Na verdade, o personagem é o grande diferencial dessa fase. Damian talvez seja o Robin mais interessante – mais até do que Dick Grayson, mesmo sendo um recurso rasteiro e besta, do tipo “filho secreto do protagonista”. A dinâmica entre ele e seu pai é muito interessante, principalmente no que toca às idiossincrasias – Damian é brutalmente violento, mas ele sabe que essa violência é errada. E nós estávamos em uma progressão cativante, vendo o personagem, ao mesmo tempo, se espelhando em diversas características de seu pai, ao mesmo tempo que o confrontava sobre inúmeras coisas. Tomasi havia conseguido criar um microverso onde questões clássicas da relação pai e filho eram discutidas dentro de fantasias, enquanto socavam bandidos.
Mais do mesmo
Mas esse efeito inesperado só funciona de verdade se você está pegando Batman para ler pela primeira vez – e Réquiem só confirma o óbvio. Porque, para leitores mais calejados, o efeito “mas de novo?” é muito forte. Forte ao ponto de ser difícil chegar ao fim da HQ, sem fazer troça como este resenhista fez nos primeiros parágrafos. Ainda bem para o Batman que as identidades sua e de sua “Batfamília” (argh…) são secretas. Porque se a assistência social de Gotham fizesse ideia do que se passa naquela caverna, nem toda a grana do mundo salvaria Wayne da montanha de processos por aliciar crianças e deixa-las se arrebentar, até eventualmente morrer – com uma frequência alarmante.

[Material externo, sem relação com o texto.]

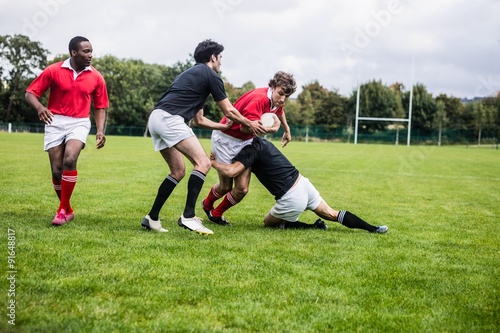 © WavebreakMediaMicro, Obraz premium Rugby players tackling during game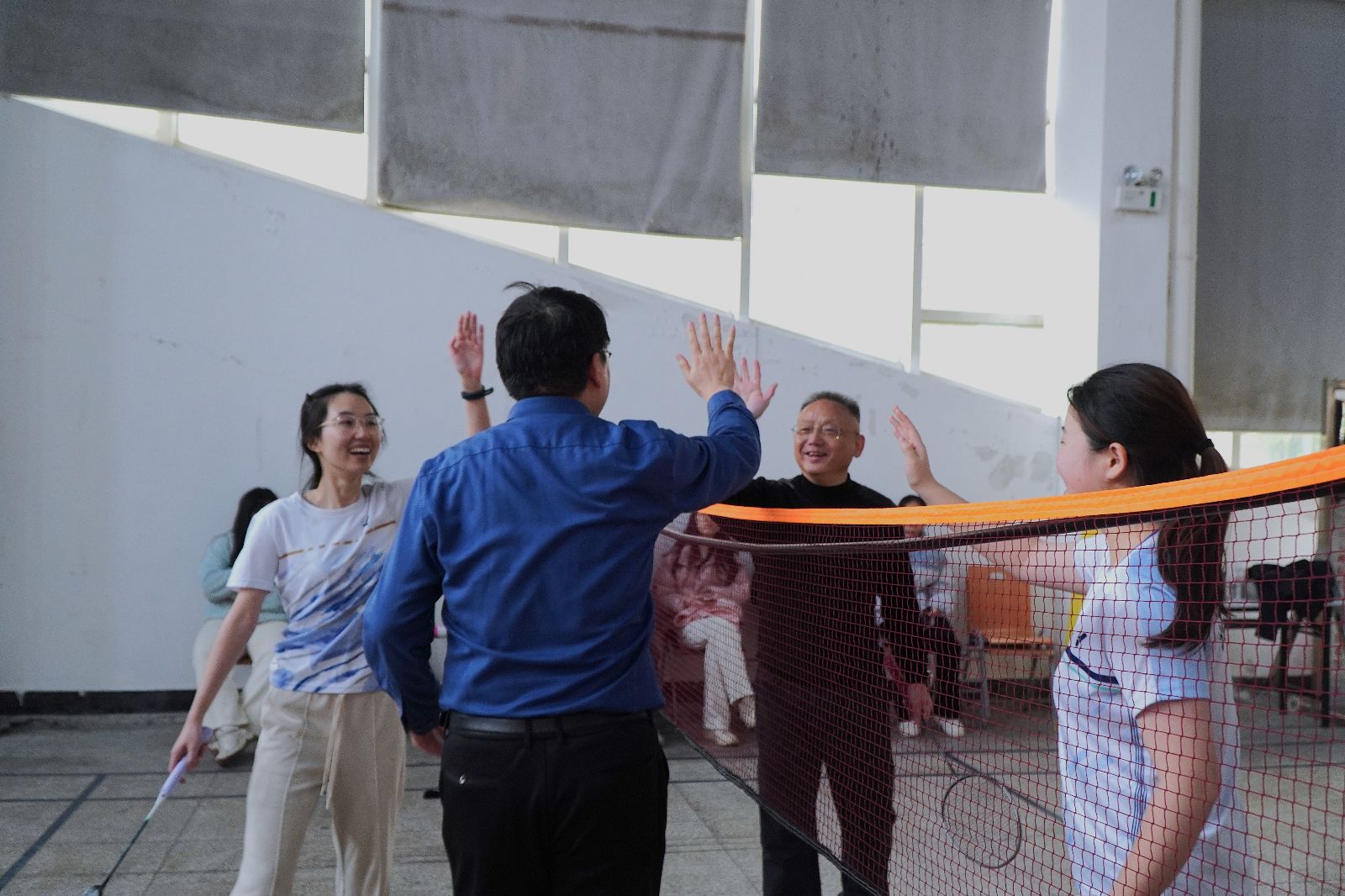 趣味羽毛球比赛按照接力赛、混合团体赛、团体表演赛三个环节逐次进行。首场竞技是以接球数量决定胜负的接力赛。双方队员在场上你争我夺,各团队成员间的紧密配合充分展现了集体主义精神。紧接着是混合团队赛,罗锦银与同学们并肩作战,共同参与双打比赛,迎接激烈的较量。羽毛球在空中飞舞,划出一道道优美的弧线。比赛过程中,罗锦银不时地给予同学们鼓励和指导,分享打球技巧和经验,让同学们在紧张的比赛氛围中感受到关怀。这一互动不仅加深了师生间的交流,也传递了浓厚的温情。在团体表演赛中,各小组纷纷派出优秀的羽毛球选手进行激烈双打对决,精彩的发球、巧妙的接球引发了现场的阵阵欢呼,将整场比赛推向高潮。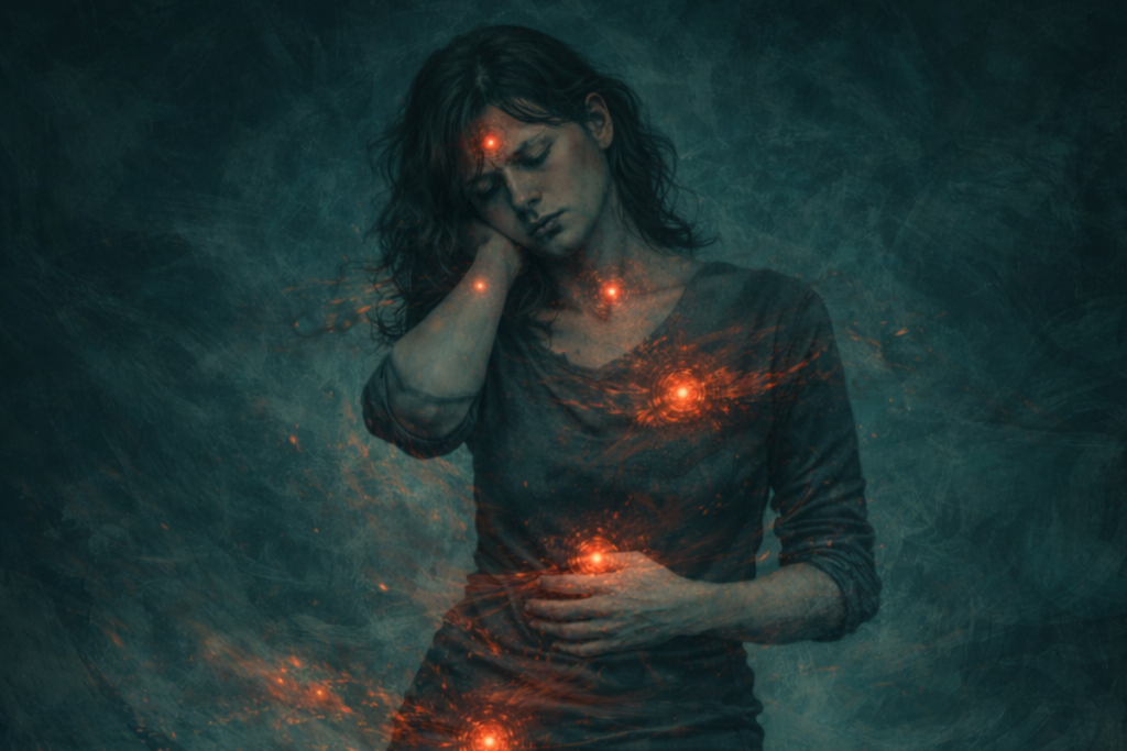 Enge. Druck. Müdigkeit. Nacken, Bauch, Brust.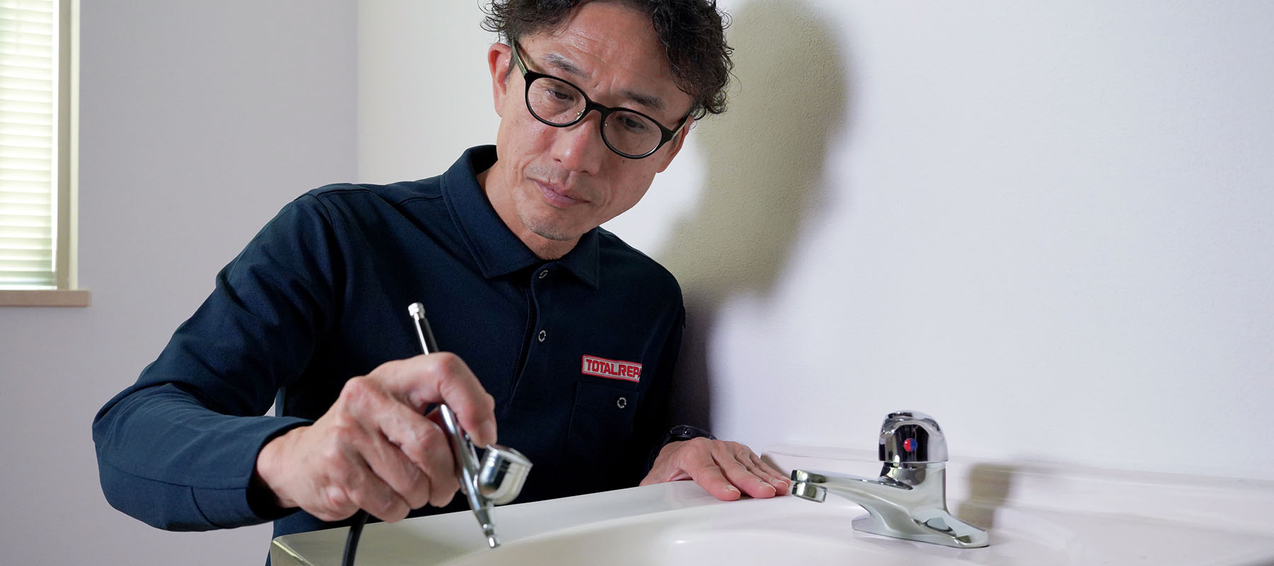 トータルリペアは、自動車や住宅をはじめ、家具、革製品などの傷や劣化を修復するサービスを全国規模で展開しています。当店は、1,000店舗以上ある加盟店の一つとして、特に住宅関連のリペアに特化しております。
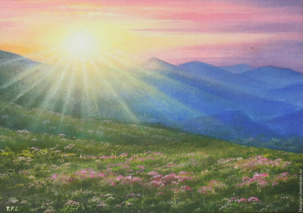Картина рассвет в горах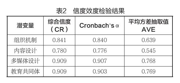 本研究对内容设计、多媒体设计与教育出版共同体3个题项进行同样操作。在初始量表中,测量内容设计的题项有6个,信度分析显示该题项整体的Cronbach’s α系数为0.701。其中代码为NR2的题项的CITC系数为0.144,小于0.4,如果剔除该题项,整体的信度系数将上升,因此本研究删除该题项,其他5个题项全部保留。测量多媒体设计的题项有3个,信度分析显示该题项整体的Cronbach’sα系数为0.816。所有题项的CITC系数均高于0.4,如果剔除任一题项,整体的信度系数会有不同程度的下降,因此多媒体设计的3个题项全部保留。教育出版共同体经分析,题项也全部保留。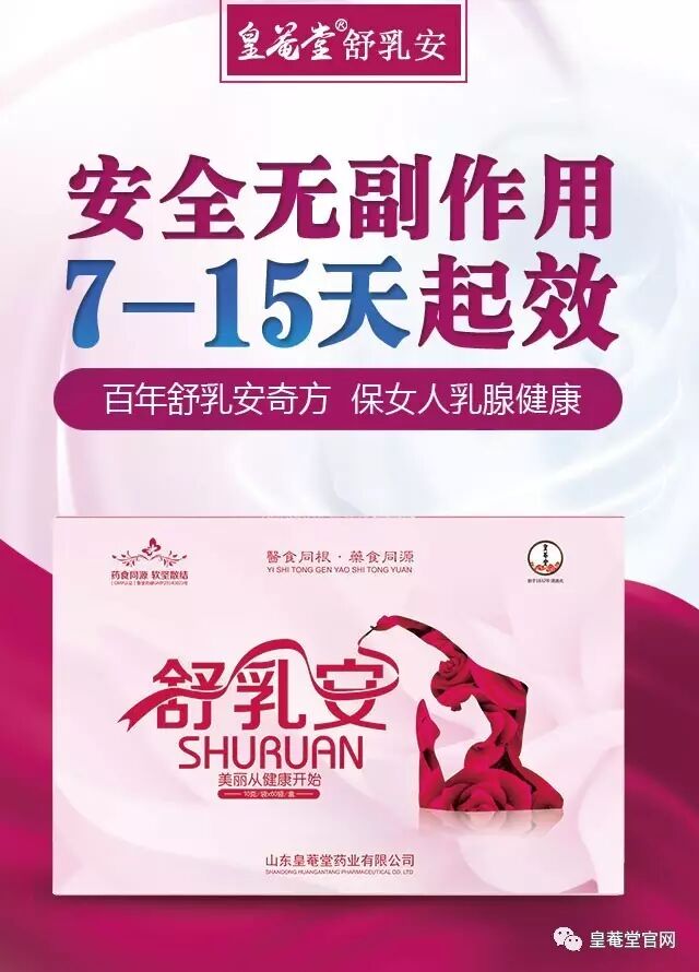 皇菴堂舒乳安,产品采用精选平卧菊三七、 内金、人参、丁香、 阿胶、 白芷 、佛手、乌梅、等30多味名贵草本精华萃取,通过最新科技提纯制剂技术精制,不仅安全无毒副作用,且效果大大提升。皇菴堂舒乳安通过活性分子,在膻中、屋翳、穴形成能量冲击。其效能够直入脉络,激活乳腺细胞活性,改善人体微循环,加速受损乳腺组织修复,活经镇痛,软坚散结,加速新陈代谢,促进病变部位毒素排出,改善病变部位血液循环,消除肿块疼痛,从而加速患病部位的康复,最终解决乳腺问题不复发。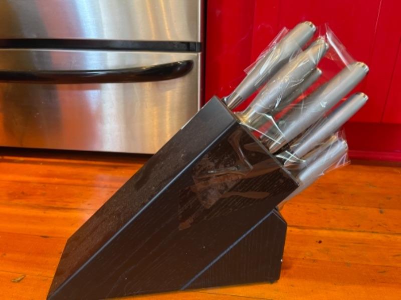 Lot 104K. Complete set of knives in block--$125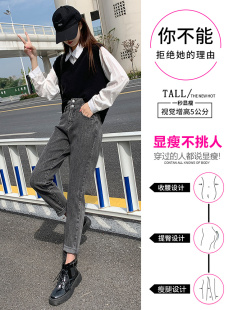 胖mm显瘦老爹裤 黑色大码 子 女弹力双排扣2025年春秋新款 高腰牛仔裤

Tomasi decidiu, assim, por outro recurso rasteiro – matar um personagem interessante apenas para chocar e criar um drama artificial. Porque não é como se isso fosse ter grandes consequências a longo prazo para o personagem Batman, e Damian tinha muito mais potencial – por todas as circunstâncias que o envolviam – que praticamente todo o resto da “Batfamília” (argh…) nesse ponto das histórias. Réquiem acaba sendo só mais uma chance de reafirmar o óbvio sobre um personagem já vastamente explorado. Mas afinal, quem se importa? Algum “jênio” dentro dos corredores da DC já está pensando uns dez reboots a frente de nós, e nós podemos esperar esse padrão de “pior pedagogo de todos os tempos” do Batman se repetindo bastante ainda.
No final das contas, é mais um – mais um – volume dispensável de Novos 52. Não porque seja malfeito de alguma forma – mas porque é somente mais do mesmo, e, pelo carinho demonstrado pelos leitores a Jason Todd anteriormente, todos já estão bastante fartos disso. E não é como se, de lá para cá, o personagem não tivesse tido arcos interessantíssimos. Teve. No fundo, uma boa equipe criativa deveria saber o caminho das pedras.
Mas, por algum motivo doentio, preferem ficar arremessando criancinhas cosplayers de cabeça nela. Quem trabalha com o Batman, dentro ou fora dos quadrinhos, deve precisar de um bom psicólogo.